- Work task -
Set down, exactly and only, everything from the line containing "গভার্নিং কমিটির তথ্য" down to the line containing "轉(zhuǎn)舌鎖有各種類" in the data below; the pictures are not part of the copy.

- Material supplied -
****
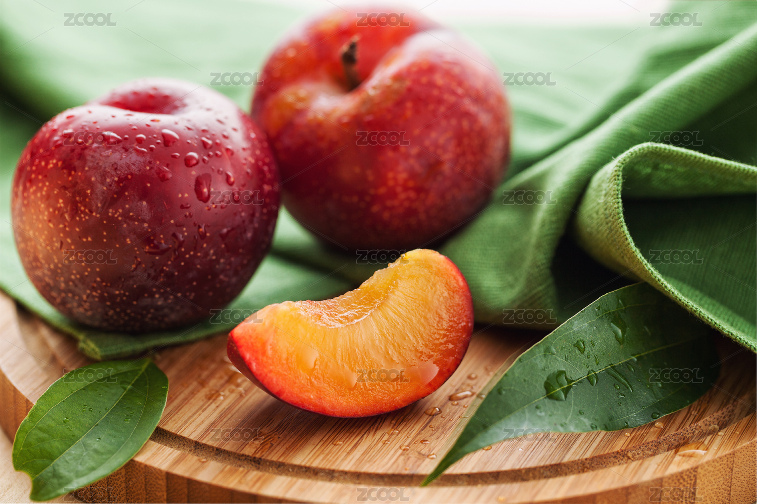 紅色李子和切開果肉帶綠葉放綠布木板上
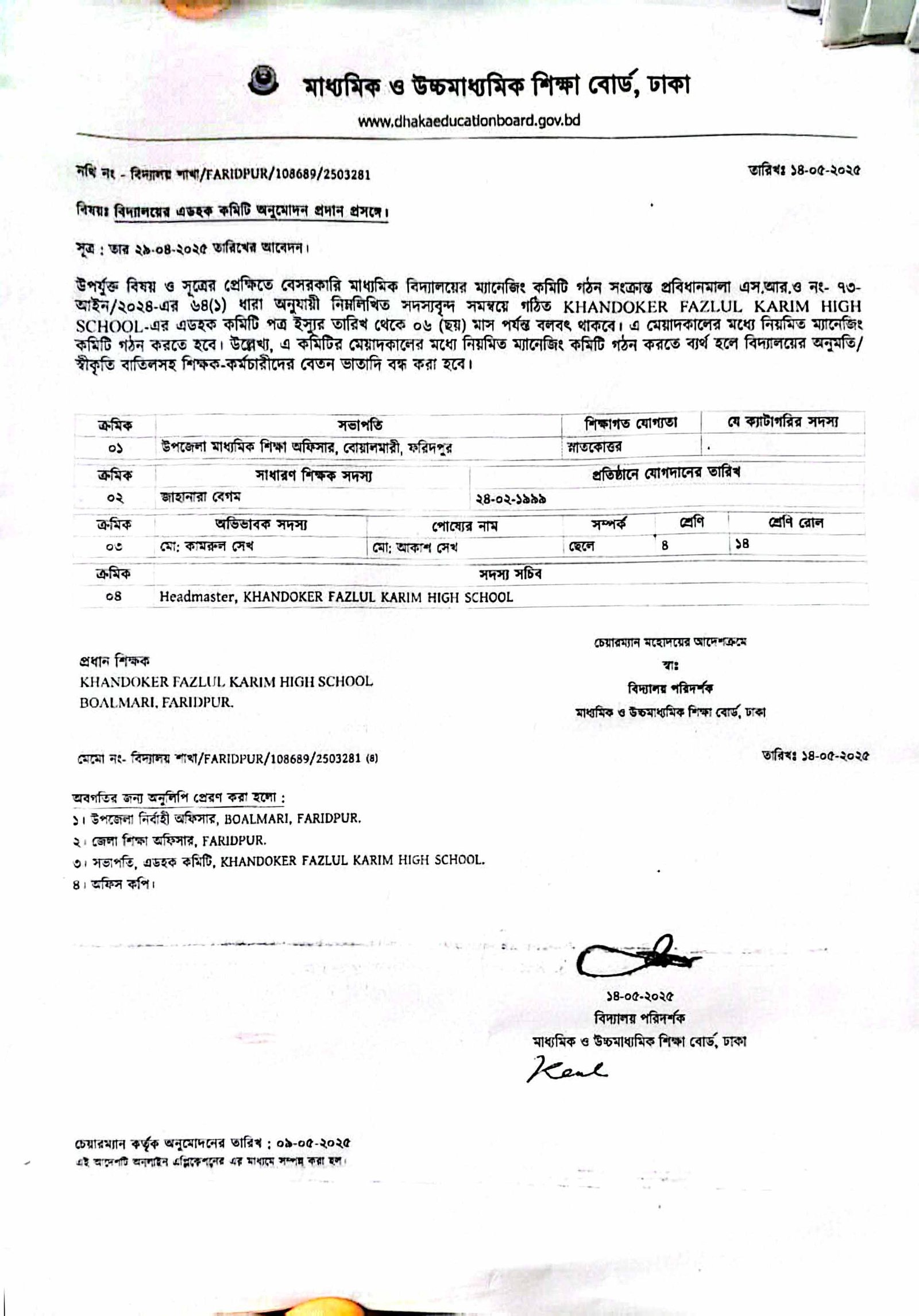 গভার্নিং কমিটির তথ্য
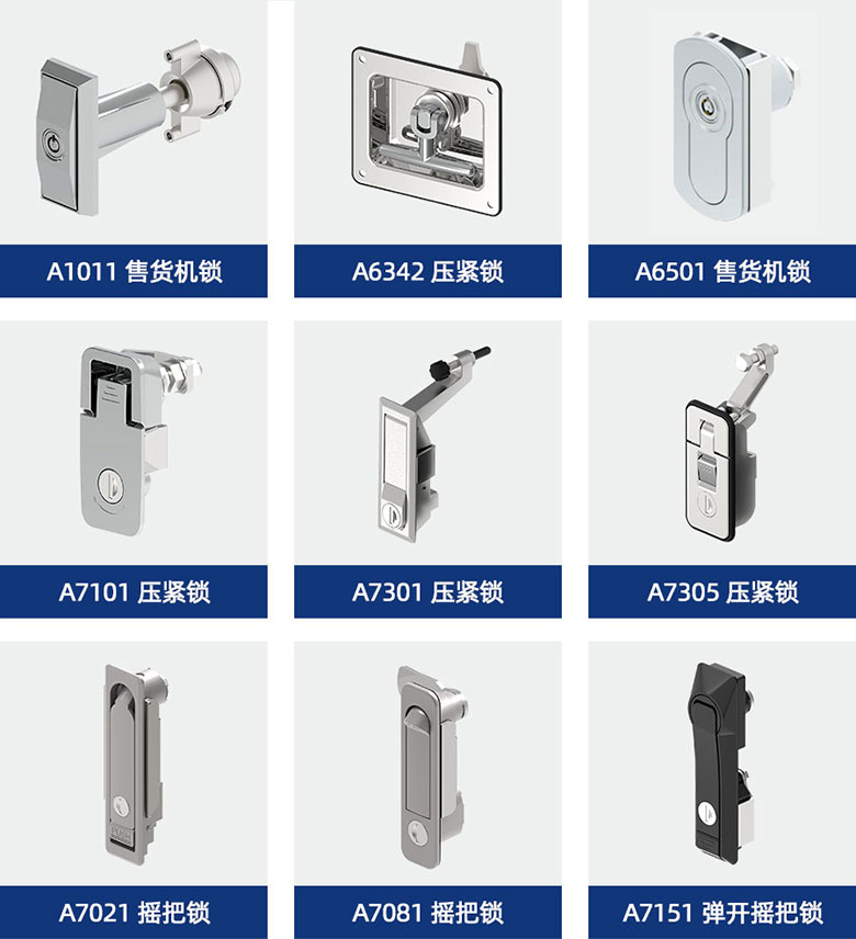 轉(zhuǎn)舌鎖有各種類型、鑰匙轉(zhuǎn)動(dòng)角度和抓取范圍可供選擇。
****
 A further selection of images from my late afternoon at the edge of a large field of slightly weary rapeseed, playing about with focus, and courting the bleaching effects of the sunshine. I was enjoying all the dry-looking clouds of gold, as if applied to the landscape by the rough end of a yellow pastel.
****
- Exercise output -
 গভার্নিং কমিটির তথ্য
 轉(zhuǎn)舌鎖有各種類型、鑰匙轉(zhuǎn)動(dòng)角度和抓取范圍可供選擇。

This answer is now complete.